Complementing my academic research, I have worked at two industrial research laboratories, focusing on engineering industrial strength systems which have immediate application.


7) Distributed Extended Transactions: Hewlett Packard


Traditional ACID (Atomicity, Consistency, Isolation, Durability) transactions work well in tightly coupled homogenous environments, where they are typically short lived and message delivery can be guaranteed. However these tightly coupled atomic semantics do not fit in well with the architecture of the Internet, where message delivery cannot be guaranteed and transactions may be long running. The OASIS Business Transaction Protocol (BTP) is an extended transaction model that allows coordination of resources which are exposed by multiple autonomous organisations.
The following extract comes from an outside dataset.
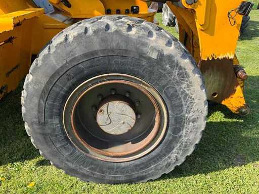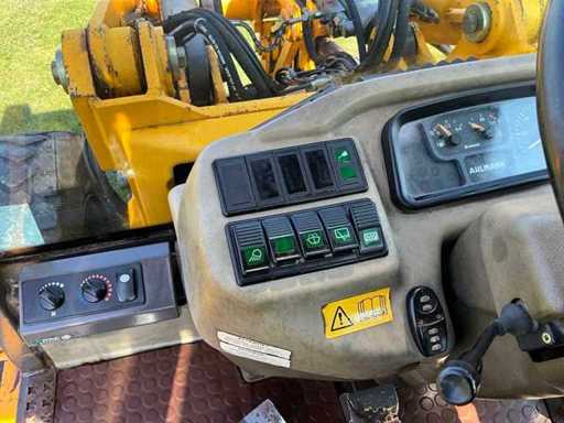 voorzien van 4 wielbesturing, laadboom draaikrans, hydraulische snelwissel, joystick bediening, extra functie op de laadboom, automatische vetsmering

This model relaxes the traditional ACID properties and eradicates the exclusive locking of a resource by a transaction. A research project conducted at Hewlett Packard Arjuna, resulted in an implementation of the protocol and demonstrated that the CORBA Activity Service was a sufficiently generic framework to support this complex extended transaction model. This work was in collaboration with Mark Little, now CTO at JBoss.


8) Modelling Real-time Systems: BAE Systems


As a joint project between the University of Newcastle and British Aerospace Engineering (BAE Systems), my BSc thesis involved designing and implementing a modelling tool for analysing real-time formal models, used to design aviation software. Implementation involved the use of formal methods (VDM-SL) and Java. This work was supervised by John Fitzgerald at Newcastle University and Stephen Paynter at BAE Systems, Bristol.